Swifty didn't comment.
"Sorry," said Skittery, and then he sighed a little, and his shoulders slumped down. "I'm a little nervous, is all." It wasn't really that he was relaxing; he was more resigning himself to the situation at hand.
"Yeah, well," I began, but Swifty cut me off.
"How bad is it, then?" he asked. Skittery shrugged, gulped down some of the mug's steaming contents.
"I'm no doctor," he said. "I mean, he's sick. It's getting worse."

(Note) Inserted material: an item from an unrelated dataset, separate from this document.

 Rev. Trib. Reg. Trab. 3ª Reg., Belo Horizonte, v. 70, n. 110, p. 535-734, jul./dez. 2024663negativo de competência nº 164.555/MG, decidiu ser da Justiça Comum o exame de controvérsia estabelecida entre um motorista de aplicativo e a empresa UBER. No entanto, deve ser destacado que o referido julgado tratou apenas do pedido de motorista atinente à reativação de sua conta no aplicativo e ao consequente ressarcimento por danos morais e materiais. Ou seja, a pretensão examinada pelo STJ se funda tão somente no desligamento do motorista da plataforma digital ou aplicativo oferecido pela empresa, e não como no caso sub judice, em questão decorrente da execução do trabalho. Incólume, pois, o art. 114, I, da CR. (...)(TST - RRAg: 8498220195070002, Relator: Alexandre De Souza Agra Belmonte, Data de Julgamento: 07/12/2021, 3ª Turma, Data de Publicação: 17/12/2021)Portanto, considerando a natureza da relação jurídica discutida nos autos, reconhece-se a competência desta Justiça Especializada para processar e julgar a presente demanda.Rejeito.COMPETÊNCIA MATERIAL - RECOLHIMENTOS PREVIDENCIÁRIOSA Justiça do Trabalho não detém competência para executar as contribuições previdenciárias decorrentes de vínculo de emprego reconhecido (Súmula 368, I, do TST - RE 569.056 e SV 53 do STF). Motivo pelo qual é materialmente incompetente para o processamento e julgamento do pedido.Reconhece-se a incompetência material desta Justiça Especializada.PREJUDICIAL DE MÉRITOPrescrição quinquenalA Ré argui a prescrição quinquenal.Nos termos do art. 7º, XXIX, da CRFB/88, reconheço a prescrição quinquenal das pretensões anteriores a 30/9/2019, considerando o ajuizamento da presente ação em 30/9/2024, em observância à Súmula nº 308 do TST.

"It hasn't been that long," I pointed out, though our time in the Dark seemed an eternity to me. "Last I heard, he had at least two weeks – and that's your time. How long's it been over there anyway?"

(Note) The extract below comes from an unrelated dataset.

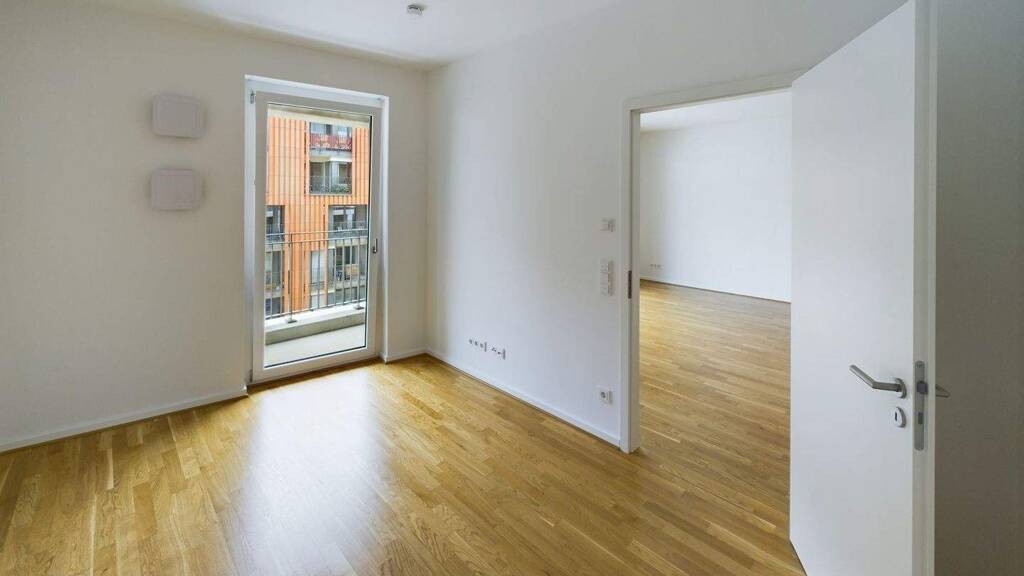 Bodentiefe Fenster durchfluten den Raum mit Tageslicht und schaffen eine Atmosphäre, die zum Verweilen einlädt. Die moderne und offene Einbauküche fügt sich nahtlos in das Wohnzimmer ein und verleiht der Wohnung einen gemütlichen und eleganten Touch. Der zum Innenhof ausgerichtete Südbalkon eignet sich perfekt, um die Sonnenstrahlen oder die frische Luft zu genießen.

"Got me," said Skittery. "I been all over the place. Three days? Three and a half?" I frowned. It didn't all add up.
"Listen, if this were some normal bug, I'd say Specs'd be fine. Kid's healthy as a horse, and he's got the spirit, too, yeah? Some of the others – kids like Jack, I mean – they been stayin away from him. They think it's contagious. Who's gonna bother to tell em otherwise, right? Anyways. We know it's different. We thought it was bad. Now we know, we know for sure." He looked me straight in the eye now, not bothering to brush the hair out of his face. "He's not gonna last much longer."
"I think I know what's wrong," Swifty said after a few moments. "I think I know why it doesn't fit."
"What, the timing?" I asked. My brain had been trying to work around the same problem.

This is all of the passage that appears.